Я и ахнуть не успел, как он выбросил за борт два мешка балласта, даже не потрудившись высыпать из мешков песок.

— Сударь! — воскликнул я вне себя от гнева.

— Я знаю, как вы опытны в этом деле, — невозмутимо ответил незнакомец. — Ваши прекрасные полеты наделали немало шума. Но если опыт — родной брат практики, то и теория ему несколько сродни. Я же долгое время изучал аэронавтику, и это даже повредило мне мозги, — добавил он с грустью. Тут он замолчал и погрузился в раздумье.

Шар неподвижно висел в воздухе, — он больше не поднимался. Взглянув на барометр, незнакомец сказал:

— Ну вот мы и достигли восьмисот метров! Право же, люди похожи на насекомых! Взгляните! Чтобы постигнуть, что такое человек, его следовало бы всегда рассматривать именно с такой высоты! Площадь Театра комедии напоминает огромный муравейник. Посмотрите на толпу, запрудившую набережную и улицу Зейль! Мы находимся как раз над городским собором.

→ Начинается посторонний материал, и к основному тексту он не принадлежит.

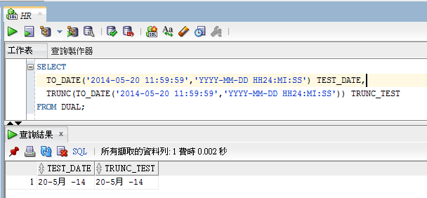 Oracle SQL trunc 日期用法教學 使用工具sqldeveloper 請先參考 sqldeveloper下載及安裝及連線 測試資料來源請先參考 Oracle DB 目錄

Майн превратился в светлую линию, рассекающую город, а вот тот мост, Майн-Брюкке, кажется ниткой, протянутой между берегами.

Между тем стало прохладнее.

— Я готов сделать для вас все что угодно, дорогой хозяин, — заявил мой спутник. — Если вам холодно, я сниму свой плащ и отдам его вам.

— Благодарю вас, — сухо ответил я.

— Экий вы! Необходимость — мать закона. Протяните мне руку, ведь я ваш соотечественник: вы можете многому от меня научиться, и я уверен, что вы скоро простите мне мою выходку.

Ни слова не говоря, я уселся на противоположном конце гондолы. Молодой человек вынул из кармана своего плаща объемистую тетрадь. Это был трактат по аэронавтике.

— У меня имеется весьма любопытная коллекция рисунков и карикатур на тему о нашем увлечении воздухоплаванием. Сколько восторгов и насмешек вызвало это замечательное открытие! К счастью, уже позади те времена, когда братья Монгольфьер пытались создать искусственные облака из водяных паров и получать газ, содержащий электричество, путем сжигания мокрой соломы и мелкорубленой шерсти.

— Вы, что же, хотите преуменьшить заслуги первых воздухоплавателей? — спросил я, невольно вовлеченный в беседу. — Разве не замечательная у них была цель? Доказать на своем опыте, что можно подниматься на воздух!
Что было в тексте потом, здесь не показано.